Писатель упирается в действительность до тех пор, пока не оставит на ней свой след. Если это ему удалось, мы с удивлением обнаруживаем, что жизнь подражает литературе. Вымысел изменил реальность. Слово — буквально — стало плотью. Хармс мечтал писать такие стихи, чтобы ими можно было разбить окно, как камнем. Фокус тут в постоянстве. Писатель всегда и всюду занят одним: он ждет, пока сквозь него, как бамбук в китайской пытке, прорастет литература.

Становясь писателем, автор до последней капли отжимает из жизни все, что не является литературой. Но и тогда вместо входного билета ему достается лотерейный.

3

Жизнь Довлатова с литературой была настолько долгой, что, как брак, требовала законного оформления — печати. Не рукопись, как у Булгакова, а книга — главная довлатовская героиня.

Сейчас, когда книжный рынок — первым! — стал настоящим, печатный станок не отличается от того, что печатает деньги: бумага с краской. Но в прошлой жизни книга меняла дело.
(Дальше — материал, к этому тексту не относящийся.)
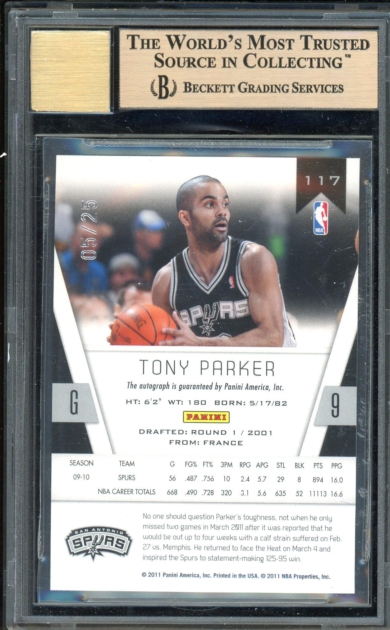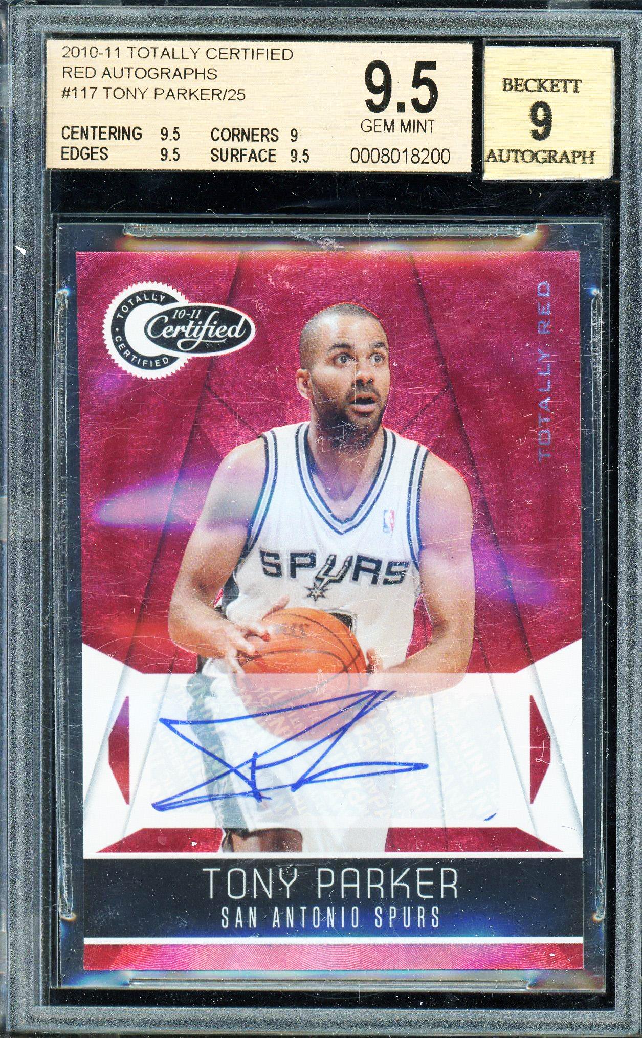 Tony Parker 2010 Panini Totally Certified Red Autograph Card 5/25! BGS Gem Mint 9.5 Auto 9 POP 2!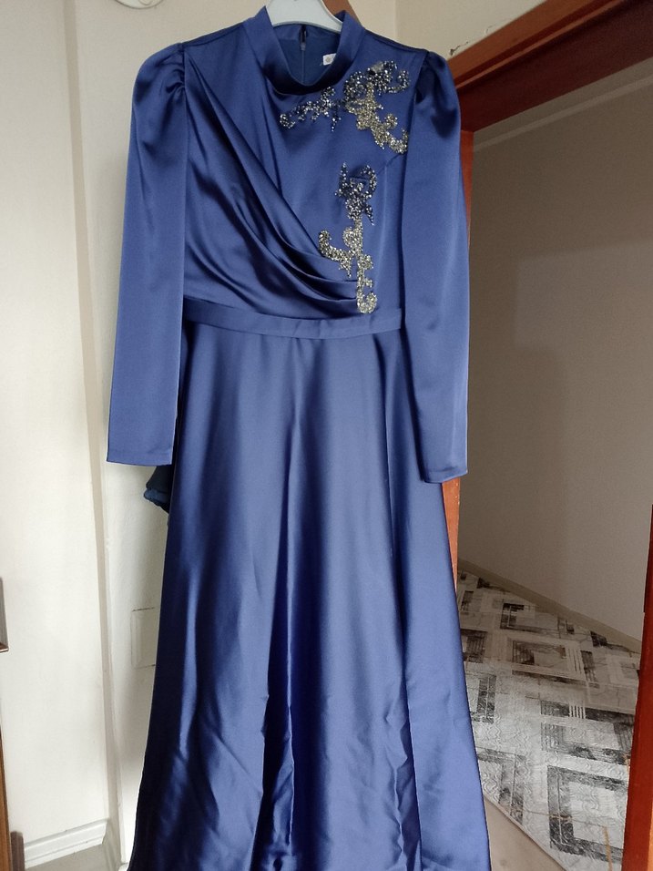 Parlak mavi renkte, uzun kollu ve yüksek yakalı nakışlı uzun abiye elbise. Dökümlü ve klasik kesim, düğünler için uygun vintage tarzda.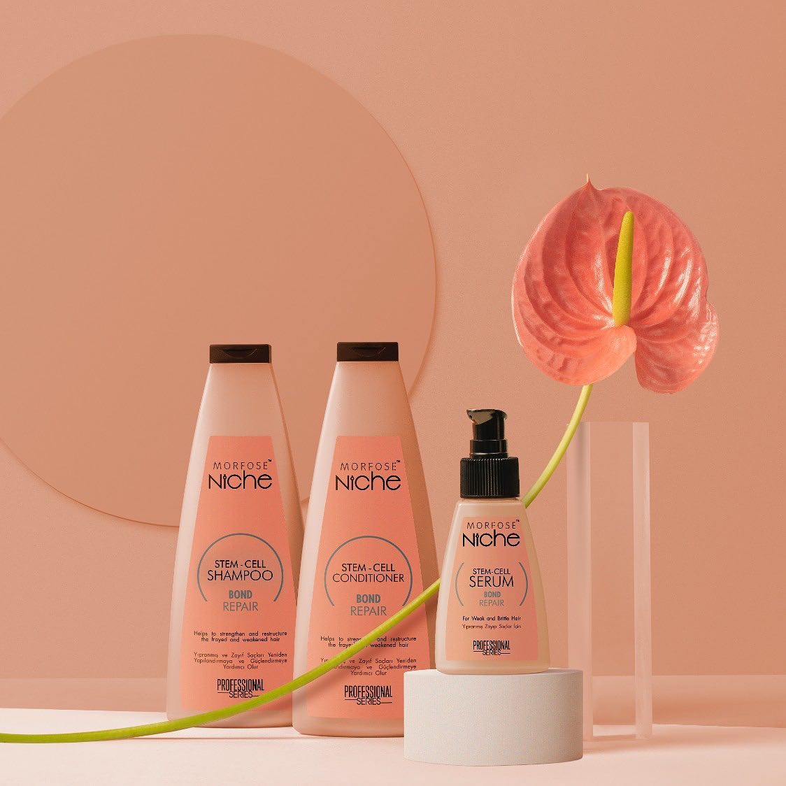 El Morfose Niche Stem Cell Bond Repair Conditioner está formulado con tecnología de células madre, diseñada para reparar, fortalecer y reestructurar el cabello dañado y debilitado desde la raíz hasta las puntas. Sus moléculas de fibra refuerzan los enlaces de queratina, logrando un cabello más saludable, manejable y lleno de vitalidad.

И не только потому, что ее можно было обменять на «финские обои». Как всякий обряд, книга была пустой и необходимой формальностью. Выход в свет — инициация, впускающая автора в литературу не на его, а на ее условиях.

Мне это понять было трудно. Магия типографии меня не задевала: я там работал — метранпажем в русской газете. Этажом ниже располагалась книжная лавка девяностолетнего эсера Мартьянова, известного тем, что он промахнулся, стреляя в Ленина. В его магазине я всего навидался — от тома «Гоголь в КГБ» до монографии, начинающейся словами: «Как всем известно, Атлантида располагалась на месте затонувшей Лемурии». В эмиграции ничего не стоит напечататься. Вернее, стоит, но не так уж дорого, поэтому и книг тут — как семечек.

Довлатов к печати относился иначе. Он ценил ритуальную природу литературы. Виртуальная самиздатская книга существует в мире идей наравне с прочими абстракциями. В ней есть привкус необязательности, произвольности и призрачности. Рукопись — как ногти: интимная часть автора, которая со временем начинает его тяготить. Жить слишком долго с рукописью — негигиенично, духовно неопрятно. Заражая автора, ненапечатанная рукопись начинает гнить, мешая расти новому. «Жидкий», неокоченевший в типографских строчках текст провоцирует уже напрасные перемены. Это как со взрослыми детьми — недостатки неоспоримы, но пороть поздно. Только похоронив рукопись в переплете, автор освобождается от ощущения неокончательности текста. Опубликовав его, он может хотя бы на время избавиться от своего несовершенства.